Data to examine: Begin
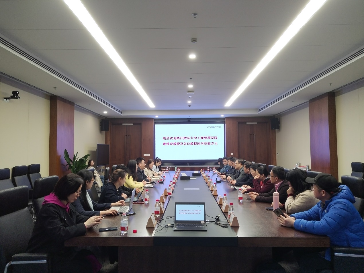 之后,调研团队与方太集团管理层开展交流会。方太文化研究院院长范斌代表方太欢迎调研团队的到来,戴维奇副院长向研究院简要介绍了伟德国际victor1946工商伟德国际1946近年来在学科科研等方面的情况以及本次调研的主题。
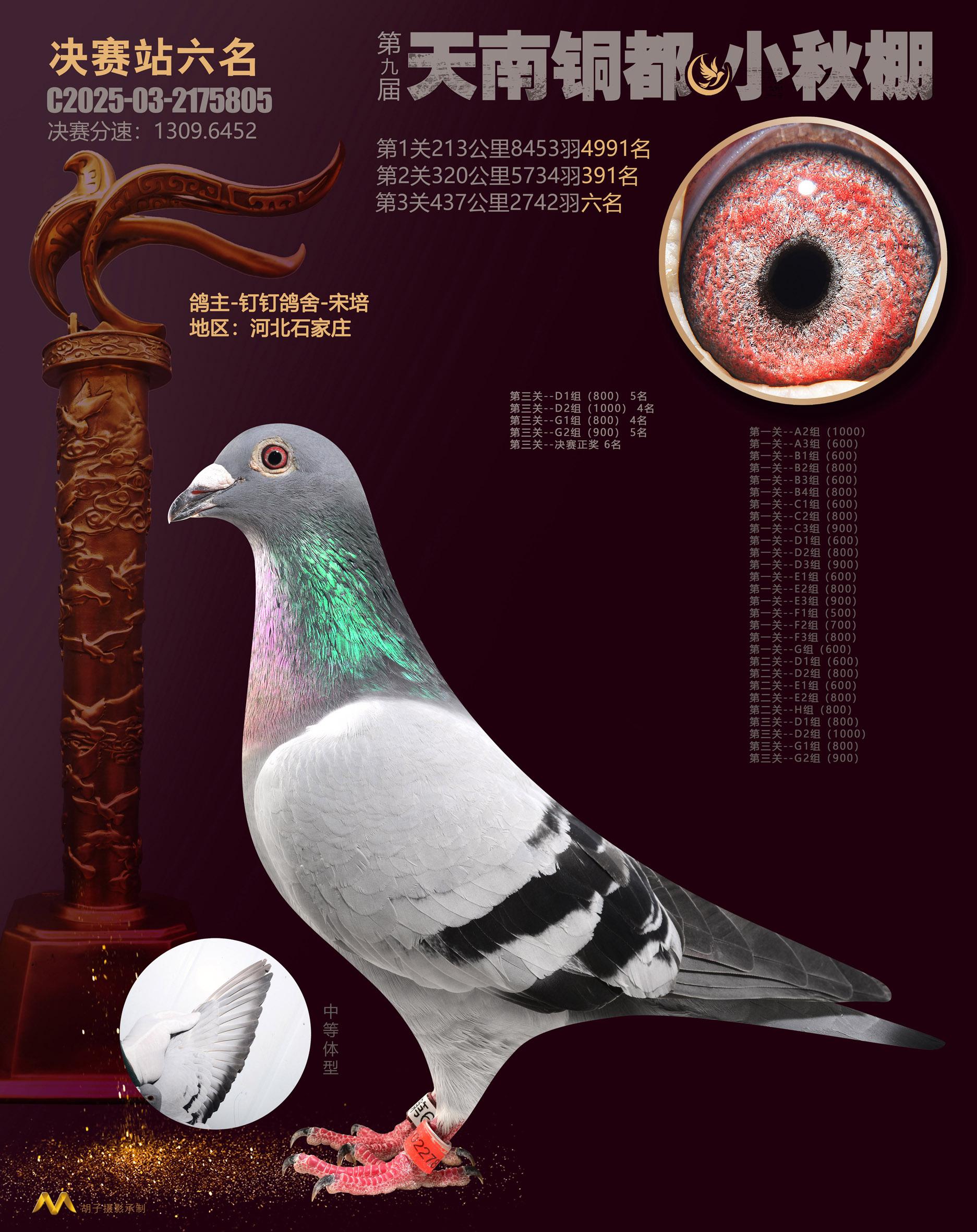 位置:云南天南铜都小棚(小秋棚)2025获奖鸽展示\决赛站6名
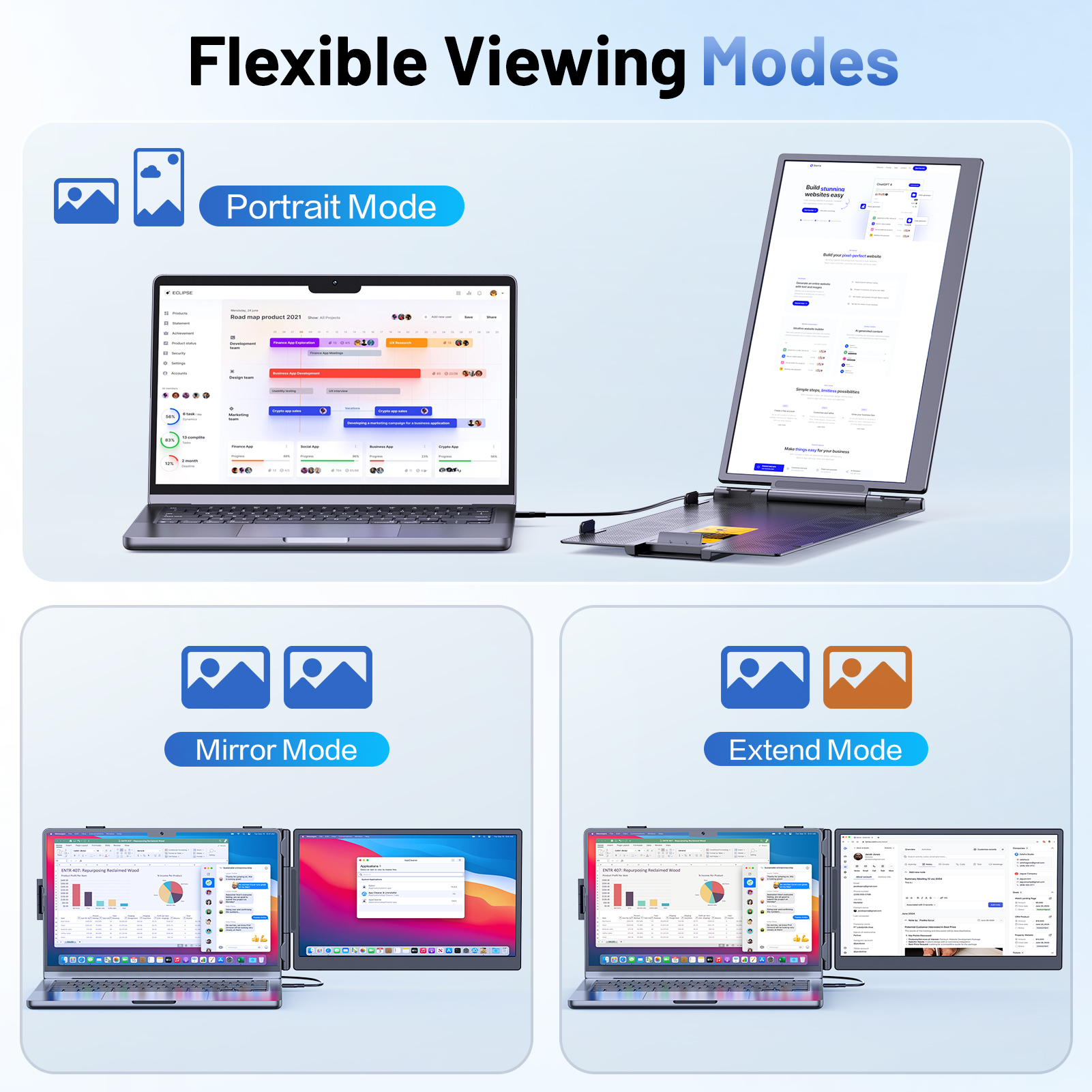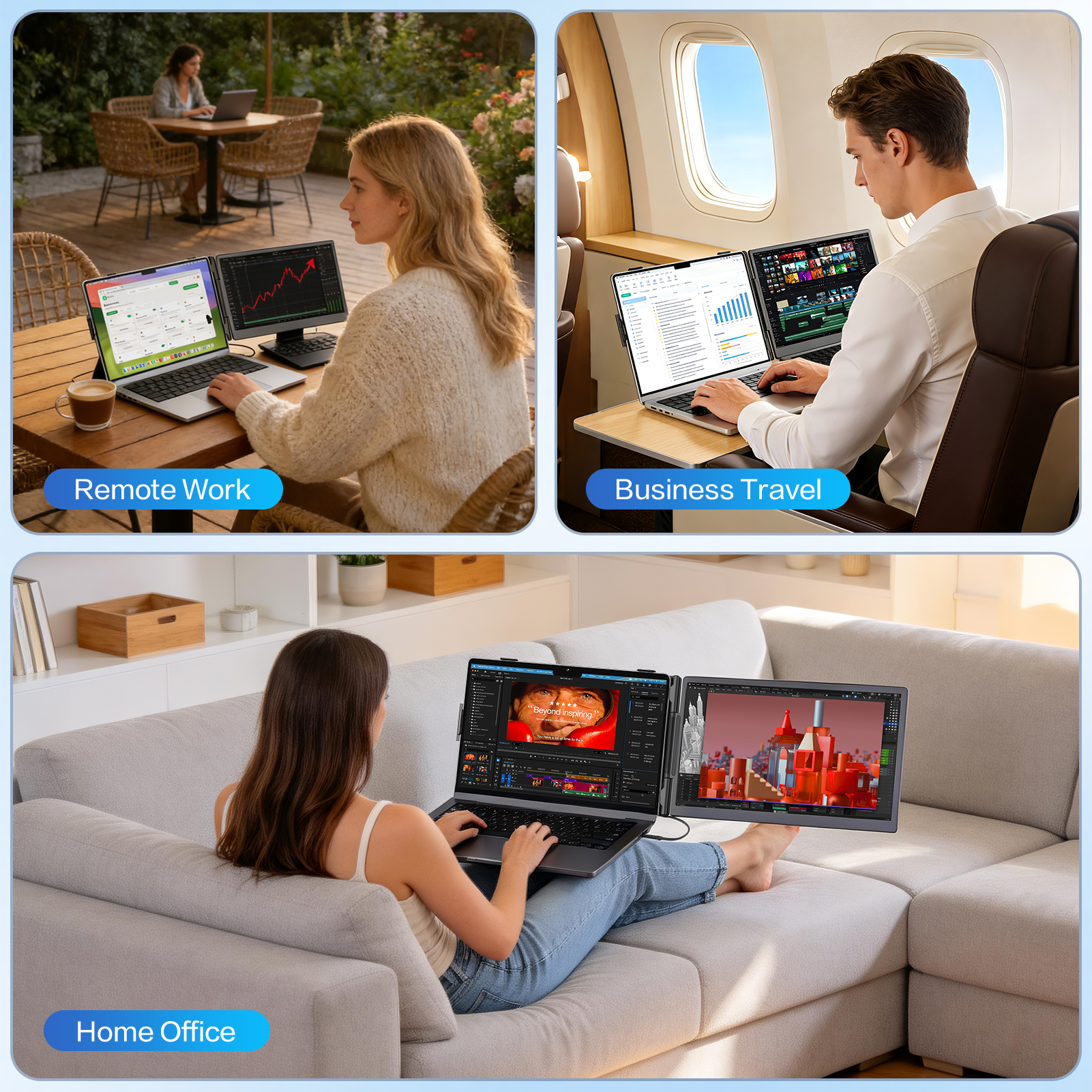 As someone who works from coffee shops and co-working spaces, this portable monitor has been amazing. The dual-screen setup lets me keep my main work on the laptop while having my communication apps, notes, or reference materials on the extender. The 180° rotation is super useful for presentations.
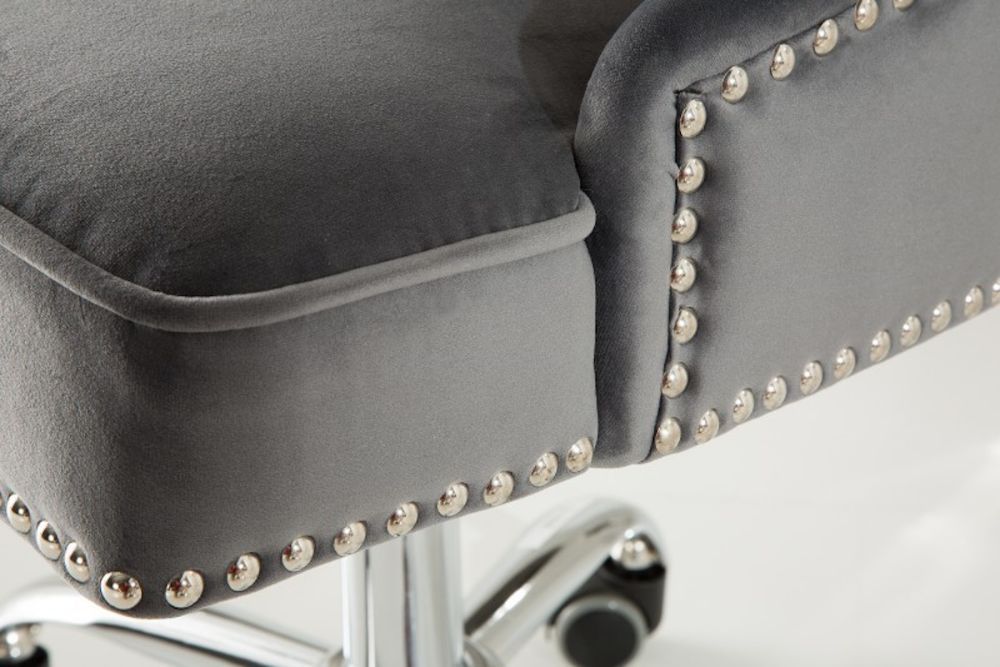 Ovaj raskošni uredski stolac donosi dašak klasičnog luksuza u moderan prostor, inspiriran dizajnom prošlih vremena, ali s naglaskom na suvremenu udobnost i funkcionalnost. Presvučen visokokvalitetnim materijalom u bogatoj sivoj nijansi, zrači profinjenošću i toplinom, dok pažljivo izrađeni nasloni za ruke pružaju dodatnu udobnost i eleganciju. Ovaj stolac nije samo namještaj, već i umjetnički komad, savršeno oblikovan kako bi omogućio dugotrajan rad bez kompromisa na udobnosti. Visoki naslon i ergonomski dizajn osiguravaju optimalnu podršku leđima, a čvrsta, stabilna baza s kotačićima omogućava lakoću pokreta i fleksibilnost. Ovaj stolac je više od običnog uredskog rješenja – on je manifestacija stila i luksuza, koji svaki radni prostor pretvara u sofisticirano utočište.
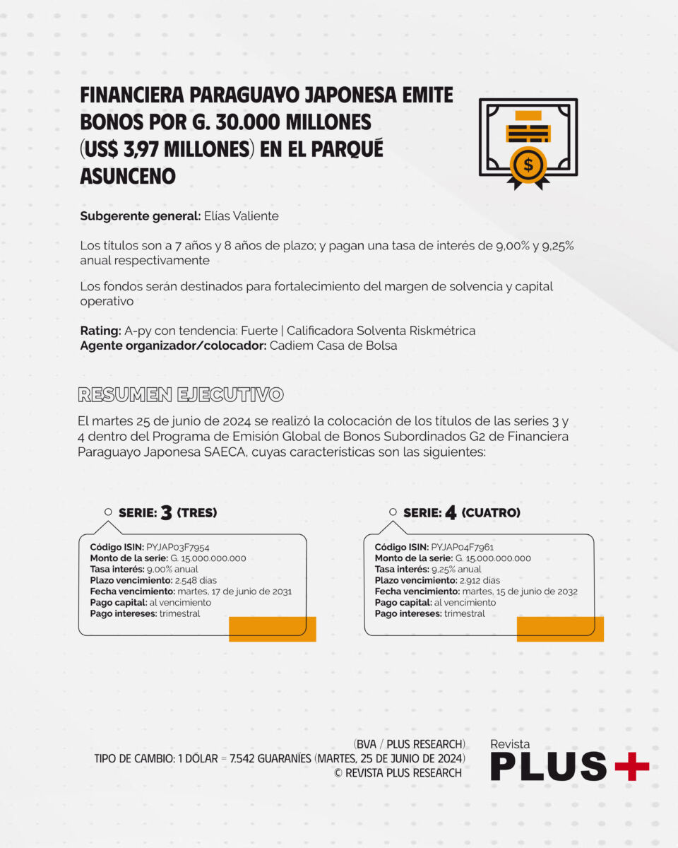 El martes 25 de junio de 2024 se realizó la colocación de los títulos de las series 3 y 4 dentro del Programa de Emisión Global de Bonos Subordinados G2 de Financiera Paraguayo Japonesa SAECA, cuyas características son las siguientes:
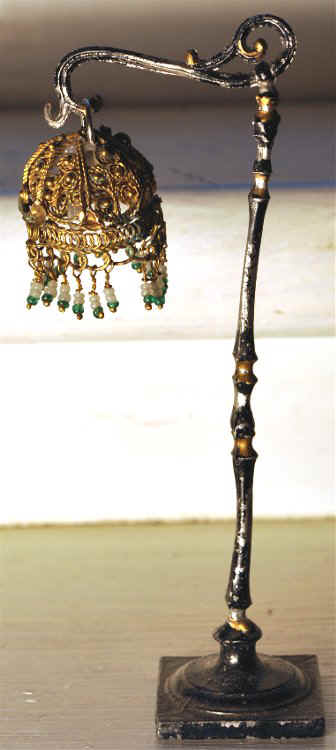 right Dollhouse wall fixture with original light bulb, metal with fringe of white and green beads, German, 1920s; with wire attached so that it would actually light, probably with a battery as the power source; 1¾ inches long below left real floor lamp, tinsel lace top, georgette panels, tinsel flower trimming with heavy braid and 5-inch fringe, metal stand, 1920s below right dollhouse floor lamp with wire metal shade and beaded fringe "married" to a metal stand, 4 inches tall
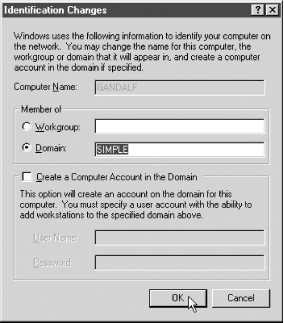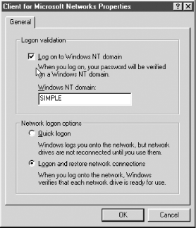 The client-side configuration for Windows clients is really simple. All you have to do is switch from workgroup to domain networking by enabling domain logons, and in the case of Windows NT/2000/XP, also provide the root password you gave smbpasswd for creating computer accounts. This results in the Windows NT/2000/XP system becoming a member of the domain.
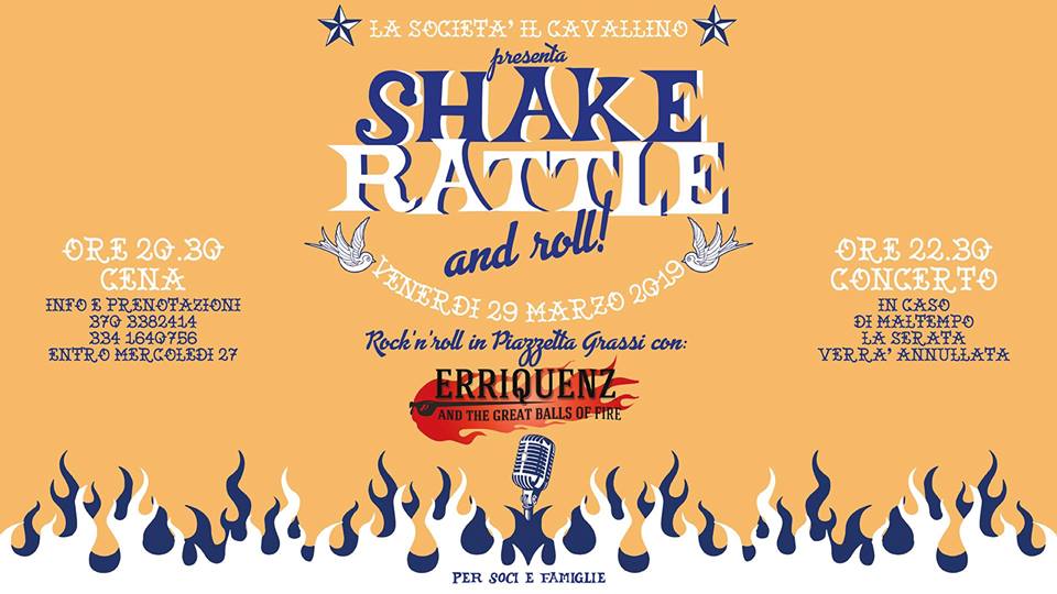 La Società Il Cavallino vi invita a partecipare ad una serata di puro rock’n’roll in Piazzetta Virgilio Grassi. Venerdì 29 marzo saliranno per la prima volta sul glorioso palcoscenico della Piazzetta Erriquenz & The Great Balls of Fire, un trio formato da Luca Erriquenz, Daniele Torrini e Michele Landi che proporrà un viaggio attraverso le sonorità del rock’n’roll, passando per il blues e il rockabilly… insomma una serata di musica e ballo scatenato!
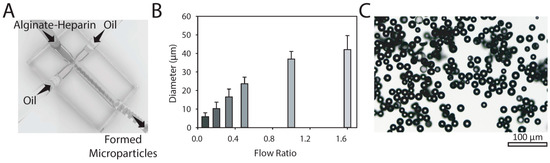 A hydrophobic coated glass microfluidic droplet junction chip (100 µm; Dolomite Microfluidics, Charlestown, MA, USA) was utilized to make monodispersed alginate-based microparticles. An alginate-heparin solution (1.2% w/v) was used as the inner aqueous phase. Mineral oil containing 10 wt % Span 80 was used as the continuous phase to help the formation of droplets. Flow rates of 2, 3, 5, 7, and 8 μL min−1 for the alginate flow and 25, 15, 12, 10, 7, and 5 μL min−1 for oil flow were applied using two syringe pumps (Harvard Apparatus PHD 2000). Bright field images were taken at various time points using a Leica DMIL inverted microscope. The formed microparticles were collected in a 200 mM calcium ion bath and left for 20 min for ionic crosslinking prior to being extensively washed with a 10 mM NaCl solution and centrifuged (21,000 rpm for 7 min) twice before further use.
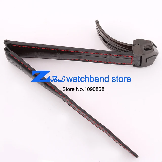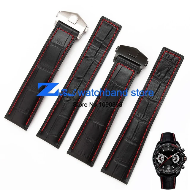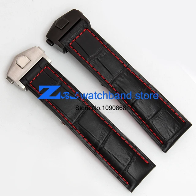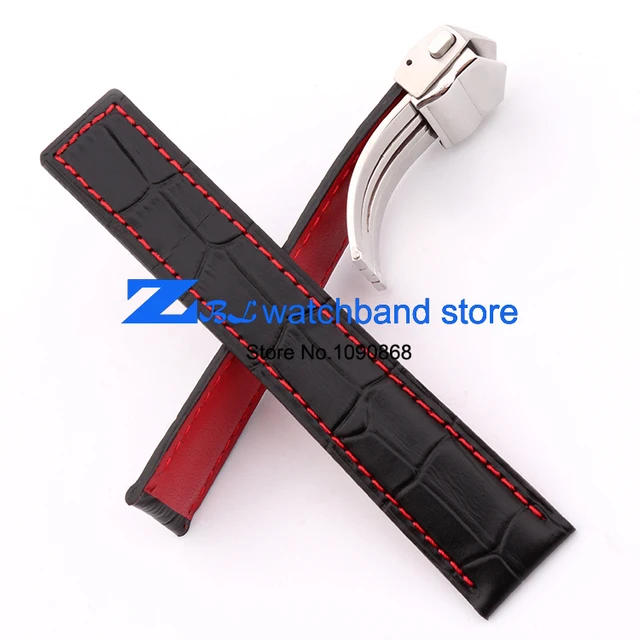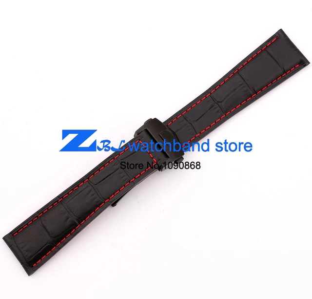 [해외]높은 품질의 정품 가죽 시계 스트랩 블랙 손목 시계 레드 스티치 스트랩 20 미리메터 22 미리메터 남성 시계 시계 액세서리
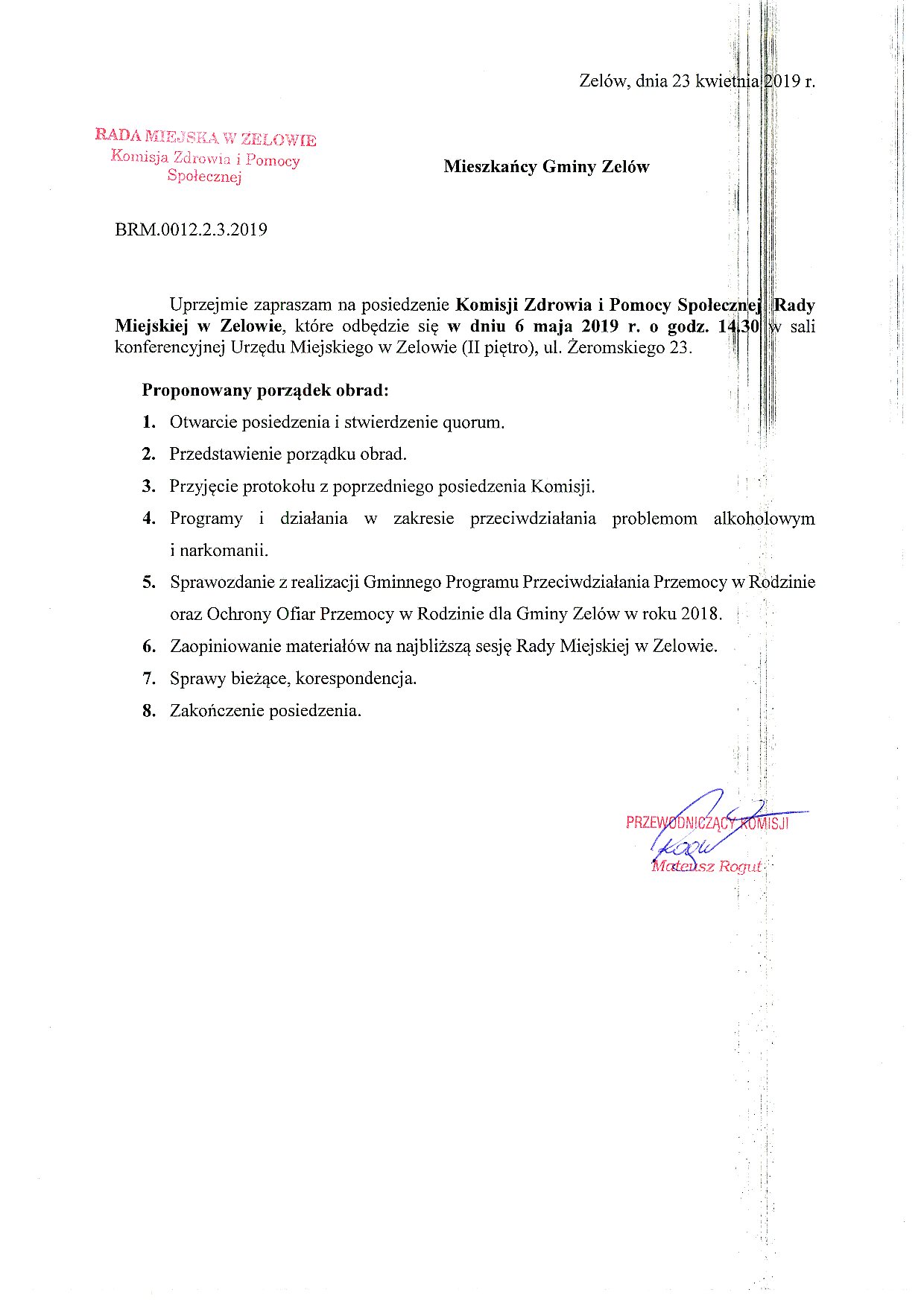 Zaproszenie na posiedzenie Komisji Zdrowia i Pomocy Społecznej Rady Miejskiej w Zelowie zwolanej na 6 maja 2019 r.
Data to examine: End
Problem statement »
Each entry above must be repeated word for word, minus its images.

Answer space »
 之后,调研团队与方太集团管理层开展交流会。方太文化研究院院长范斌代表方太欢迎调研团队的到来,戴维奇副院长向研究院简要介绍了伟德国际victor1946工商伟德国际1946近年来在学科科研等方面的情况以及本次调研的主题。
 位置:云南天南铜都小棚(小秋棚)2025获奖鸽展示\决赛站6名
 As someone who works from coffee shops and co-working spaces, this portable monitor has been amazing. The dual-screen setup lets me keep my main work on the laptop while having my communication apps, notes, or reference materials on the extender. The 180° rotation is super useful for presentations.
 Ovaj raskošni uredski stolac donosi dašak klasičnog luksuza u moderan prostor, inspiriran dizajnom prošlih vremena, ali s naglaskom na suvremenu udobnost i funkcionalnost. Presvučen visokokvalitetnim materijalom u bogatoj sivoj nijansi, zrači profinjenošću i toplinom, dok pažljivo izrađeni nasloni za ruke pružaju dodatnu udobnost i eleganciju. Ovaj stolac nije samo namještaj, već i umjetnički komad, savršeno oblikovan kako bi omogućio dugotrajan rad bez kompromisa na udobnosti. Visoki naslon i ergonomski dizajn osiguravaju optimalnu podršku leđima, a čvrsta, stabilna baza s kotačićima omogućava lakoću pokreta i fleksibilnost. Ovaj stolac je više od običnog uredskog rješenja – on je manifestacija stila i luksuza, koji svaki radni prostor pretvara u sofisticirano utočište.
 El martes 25 de junio de 2024 se realizó la colocación de los títulos de las series 3 y 4 dentro del Programa de Emisión Global de Bonos Subordinados G2 de Financiera Paraguayo Japonesa SAECA, cuyas características son las siguientes:
 right Dollhouse wall fixture with original light bulb, metal with fringe of white and green beads, German, 1920s; with wire attached so that it would actually light, probably with a battery as the power source; 1¾ inches long below left real floor lamp, tinsel lace top, georgette panels, tinsel flower trimming with heavy braid and 5-inch fringe, metal stand, 1920s below right dollhouse floor lamp with wire metal shade and beaded fringe "married" to a metal stand, 4 inches tall
 The client-side configuration for Windows clients is really simple. All you have to do is switch from workgroup to domain networking by enabling domain logons, and in the case of Windows NT/2000/XP, also provide the root password you gave smbpasswd for creating computer accounts. This results in the Windows NT/2000/XP system becoming a member of the domain.
 La Società Il Cavallino vi invita a partecipare ad una serata di puro rock’n’roll in Piazzetta Virgilio Grassi. Venerdì 29 marzo saliranno per la prima volta sul glorioso palcoscenico della Piazzetta Erriquenz & The Great Balls of Fire, un trio formato da Luca Erriquenz, Daniele Torrini e Michele Landi che proporrà un viaggio attraverso le sonorità del rock’n’roll, passando per il blues e il rockabilly… insomma una serata di musica e ballo scatenato!
 A hydrophobic coated glass microfluidic droplet junction chip (100 µm; Dolomite Microfluidics, Charlestown, MA, USA) was utilized to make monodispersed alginate-based microparticles. An alginate-heparin solution (1.2% w/v) was used as the inner aqueous phase. Mineral oil containing 10 wt % Span 80 was used as the continuous phase to help the formation of droplets. Flow rates of 2, 3, 5, 7, and 8 μL min−1 for the alginate flow and 25, 15, 12, 10, 7, and 5 μL min−1 for oil flow were applied using two syringe pumps (Harvard Apparatus PHD 2000). Bright field images were taken at various time points using a Leica DMIL inverted microscope. The formed microparticles were collected in a 200 mM calcium ion bath and left for 20 min for ionic crosslinking prior to being extensively washed with a 10 mM NaCl solution and centrifuged (21,000 rpm for 7 min) twice before further use.
 [해외]높은 품질의 정품 가죽 시계 스트랩 블랙 손목 시계 레드 스티치 스트랩 20 미리메터 22 미리메터 남성 시계 시계 액세서리
 Zaproszenie na posiedzenie Komisji Zdrowia i Pomocy Społecznej Rady Miejskiej w Zelowie zwolanej na 6 maja 2019 r.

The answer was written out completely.